Há 25 anos, numa manhã de domingo, o Brasil perdeu um de seus maiores ídolos do esporte. Ayrton Senna, então com 34 anos, morreu ao bater sua Williams numa curva do circuito de San Marino.
Em sua carreira na Fórmula-1, o brasileiro surpreendeu o mundo pelas atuações de gala, mesmo em condições adversas e correndo com carros inferiores ao dos adversários da época.
Relembre os momentos mais marcantes da carreira do piloto:
Do berço ao kart
Ayrton Senna ganhou o primeiro kart aos quatro anos de idade. Foi o seu pai quem construiu. A primeira competição foi em uma corrida amistosa nas ruas de Campinas (SP), aos nove anos. No sorteio, garantiu a primeira pole. De 1974 a 1980, ganhou vários títulos, dentre eles paulista, brasileiro e sul-americano. Por duas vezes, foi vice-campeão mundial.
O primeiro rival
Foi no kart que Senna enfrentou seu grande adversário nas pistas: o britânico Terry Fullerton, que foi campeão do mundo. Para Ayrton, foi o maior e melhor rival. "Ele era muito experiente, rápido e consistente, um piloto completo. Era competição pura, automobilismo puro. Sem política nem dinheiro envolvido. Aprendi muito com ele"
A ascensão
Campeão da Fórmula Ford 1600, Ayrton quase desistiu da carreira para, pressionado pelo pai, tocar os negócios da família. Mas voltou às pistas. Em 1982, foi campeão inglês e europeu da Fórmula 2000.

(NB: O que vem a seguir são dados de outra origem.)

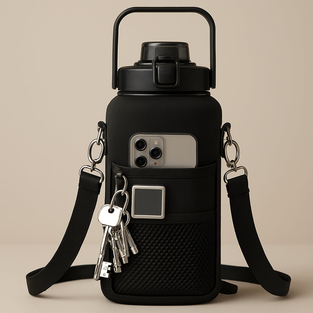 Capa de Neoprene: protege contra quedas, mantém a água gelada por mais tempo e ainda possui bolsos para celular, chaves e cartões.
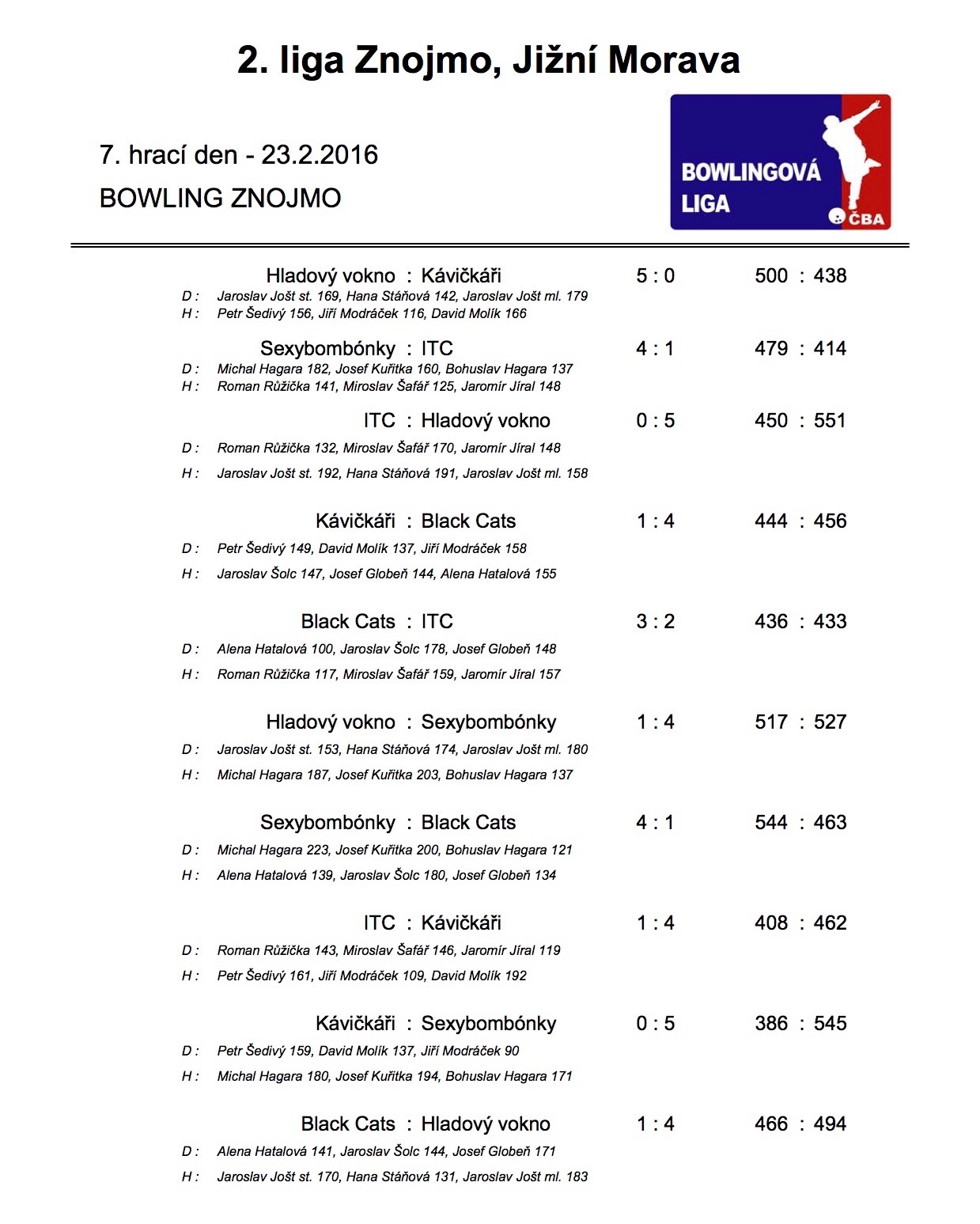 23.2.2016 odehrála družstva druhé ligy první kolo jarní části ročníku 2015/2016. Výsledky opět naleznete dále.
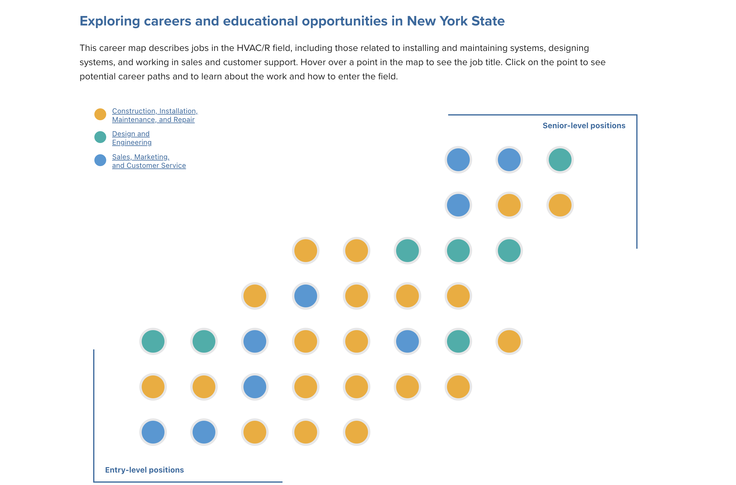The NYSERDA NY State Career Opportunities in HVAC/R (Heating, Ventilation, Air Conditioning, and Refrigeration) website and career map have been updated with new data on wages, employment projections, insights into who’s hiring, and education programs for New York State jobs in the HVAC/R field. Whether you’re interested in workforce development programs, partnerships, and educational opportunities; designing economic policy; or are exploring a career for yourself in this field, this research can support your goals.
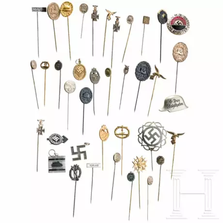Überwiegend 9- und 16-mm-Miniaturen, darunter ein Spanienkreuz, U-Bootskriegsabzeichen, PKA, ISA u.v.a. Außerdem Sympathie- und ausländische Abzeichen. Dazu ca. 12 BW bzw. Nachkriegsabzeichen. Teils beschädigt.
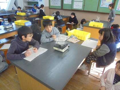 理科では「すがたをかえる水」という新しい学習に入りました。初日の今日は学習問題を考えました。「すがた」をかえた「水」といえば,「氷」「湯」などの意見が出て,なぜそのようにすがたをかえるのか。温度が関係してそうだ。という疑問や予想が出てきました。
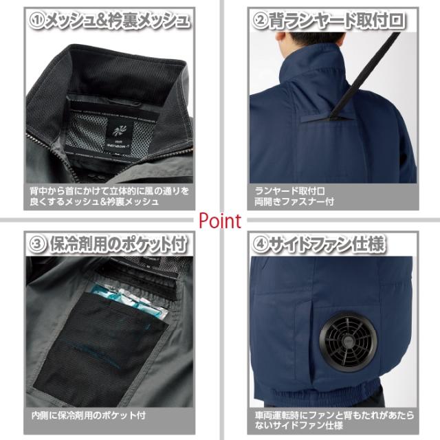 ◇機能:首回りを広くすることでジップアップしても風抜けが抜群に・首元に風を誘導するために背に通気空間をつくり風を誘導し涼しさがアップ・背中から首にかけて立体的に風の通りを良くするメッシュ・衿裏メッシュ・ランヤード掛け・背ランヤード取付口両開きファスナー付・内側に保冷剤用のポケット付・脇ポケットにバッテリーコードホール採用
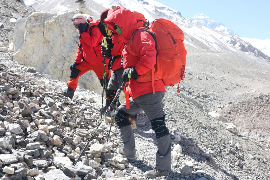 科考队员王维(右一)与队友在珠峰地区进行野外科学考察活动。采访对象供图。
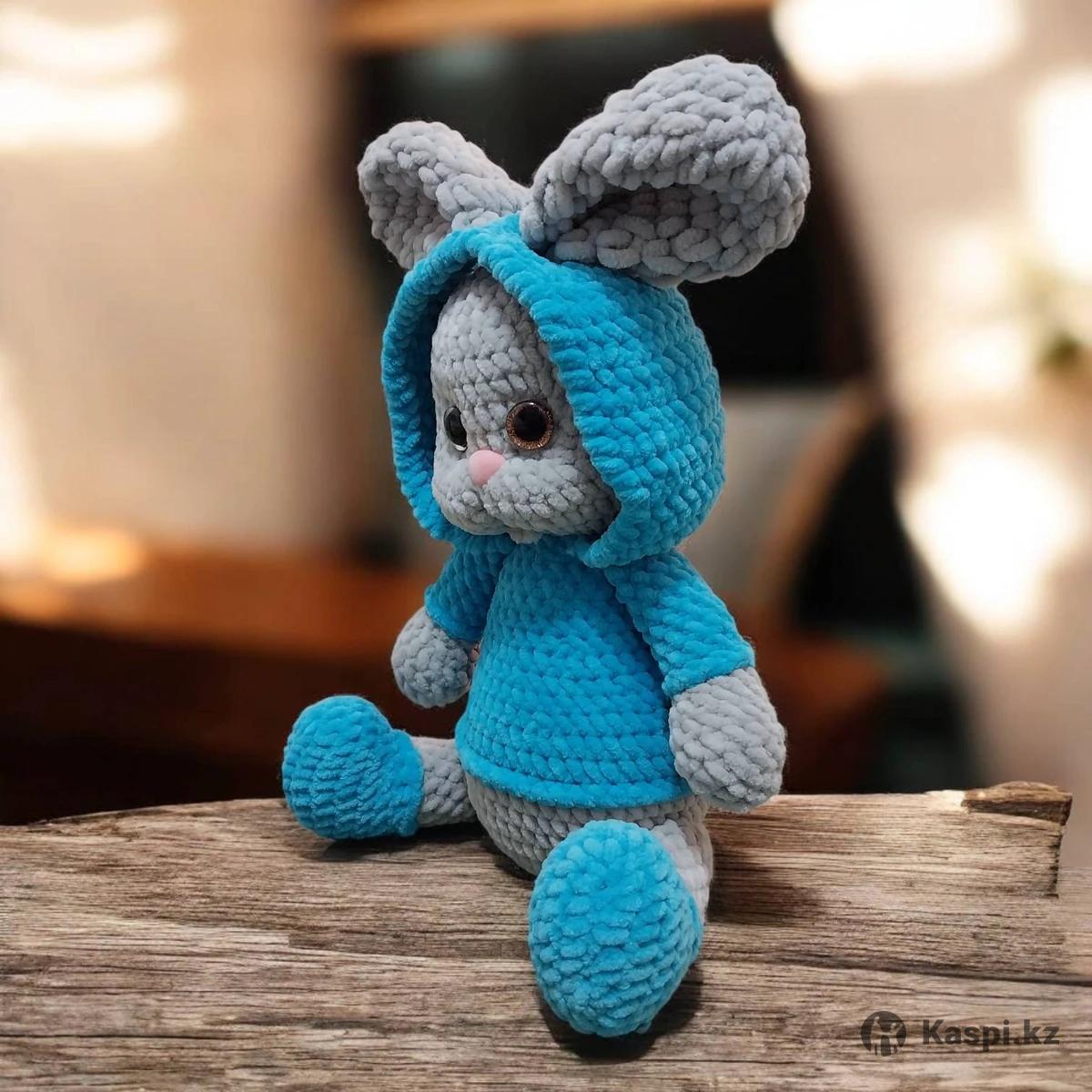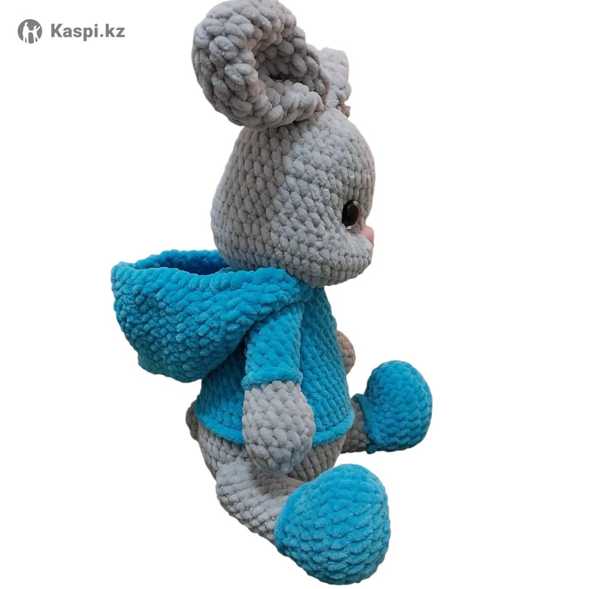 Вязаный большой зайка! Яркий, мягкий готовый к подарку.,
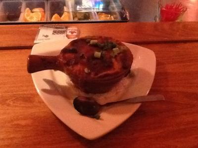 お腹が少し空いたのでホテルのレストランに入ってオニオングラタンスープを食べました。$5でオニオングラタンスープが食べれるというNYCじゃ信じれなく安かったのですが、お値段以上に美味しかったです。体も温まりました。

No ano seguinte, na Fórmula-3, bateu todos os recordes. Venceu com pole e volta mais rápida as nove primeiras corridas do ano. Fez Silverstone ser apelidada de "Silvastone", em referência ao seu sobrenome. Estava pronto para um desafio maior: a Fórmula-1.
O primeiro teste
A primeira vez de Senna no cockpit de um carro de Fórmula-1 foi em 19 de julho de 1983, em Donington Park. Frank Williams o convidou para dar uma volta no carro de sua equipe. Ayrton ouviu as instruções e partiu. Deu uma volta para sentir o carro. E logo depois voou, a ponto de bater o recorde da pista. "Ficamos perplexos", disse Frank.
A estreia
Novato, Senna precisava começar de baixo. Assinou com a Toleman, após testar com Williams, Brabham e McLaren. Marcou seu primeiro ponto na segunda corrida. Era 7 de abril de 1984 em Kyalami, na África do Sul. O desgaste para garantir o resultado foi tamanho que precisou ser retirado do carro e levado ao hospital, com espasmos musculares. Passou, então, a focar na preparação física, com auxílio de Nuno Cobra.
Show em Mônaco
Nas ruas estreitas de Mônaco, uma pilotagem arrojada e debaixo de chuva apresentou Ayrton ao mundo. Largou em 13º e fez ultrapassagens em série. Era segundo e diminuía a diferença para o líder, Alain Prost, da McLaren.
Mas o diretor de prova interrompeu a corrida — especula-se que para favorecer o francês, que ficou com a vitória e apenas metade dos pontos, já que a prova foi suspensa. Em segundo, Ayrton conquistou seu primeiro pódio. No fim do ano, Prost perderia o título mundial para o companheiro Niki Lauda por meio ponto.
O gostinho da primeira vez
Após terminar a temporada de 1984 em nono lugar, com 13 pontos, Senna assinou com a Lotus. Em 21 de abril de 1985, no circuito de Estoril, em Portugal, fez a primeira pole e garantiu a primeira vitória, na chuva. Ele venceria outra vez na Bélgica, também em pista molhada, fechando o ano com sete poles, seis pódios e um honroso quarto lugar no campeonato.
Dobradinha e rivalidade com Piquet
Em 1986, ainda na Lotus, Senna liderou o campeonato pela primeira vez. Tinha como estratégia não trocar pneus para compensar a diferença para as Williams e McLarens. Fez oito poles (metade das possíveis) e venceu duas vezes, na Espanha (Jerez de la Frontera) e nos Estados Unidos (Detroit).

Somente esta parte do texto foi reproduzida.